A total of 200,000 food packs have already been loaded onto U.S. vehicles in Kuwait, and 30,000 onto British trucks.

They will be taken inside Iraq by road behind front-line troops. There are fears that if dropped from the air they could land in minefields.

In the immediate aftermath of an invasion of Iraq, the military would have responsibility for feeding some 25 million people.

Likely areas for food distribution have already been identified -- mainly be in urban areas, as up to 75 percent of Iraq's population lives in cities and towns.

Dozens of potential sites for civilians displaced by fighting have also been earmarked close to road and rail networks.

Analysts suggest between 1 percent and 10 percent -- up to two million -- people across Iraq could be displaced in the war.
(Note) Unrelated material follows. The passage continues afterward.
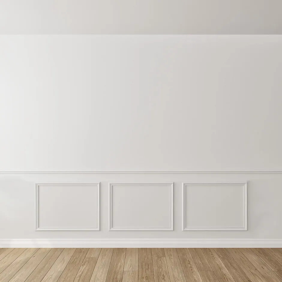 Pack pour habiller un mur de 265 à 300 cm avec des moulures en bois. Moulures prédécoupées et prêtes à poser. Les baguettes se posent pour créer un soubassement mural d’environs 60 cm de haut. Lors de la pose, veillez à laisser un espace identique entre chaque rectangle pour équilibrer les espacements. Possibilité de laisser plus ou moins d’espacement selon la largeur de votre mur tout en conservant un espace égal entre les cadres. Le kit se compose de :3 x Kit moulure 80 x 60 cm3 x moulure droite 100 cm

U.S. Relief Organization Mercy Corps said it was preparing for a severe refugee crisis.

In an interview Wednesday on CNN's American Morning, Cassandra Nelson said her agency feared three million would be displaced within Iraq, and a further 600,000 would leave the country.

"Iraq has a very urban based population. In terms of fighting we anticipate that Baghdad will have prolonged fighting so we'll see a large flow of refugees and internally displaced people from there."

Nelson also said if central and southern Iraq was hit hard during a military campaign, two million displaced people were likely to migrate towards the borders of Kuwait, Jordan, and Iran.

According to Nelson, one of Mercy Corps' biggest concerns is that Saddam Hussein will use chemical and biological weapons on his own people.

"If he unleashes those weapons, and he infects his own population, the international community, Mercy Corps is not prepared to deal with that kind of a crisis," said Nelson.

David Bull, of UNICEF, told CNN the organization was trying to raise $140 million to deal with the crisis.

"We have been pre-positioning supplies for some weeks. Many thousands of tonnes of supplies are already in place."

Bull said children and young people were most at risk. "Half the population of Iraq is under 18. There are serious problems with diseases like diarrhea, and these children are extremely vulnerable," he said.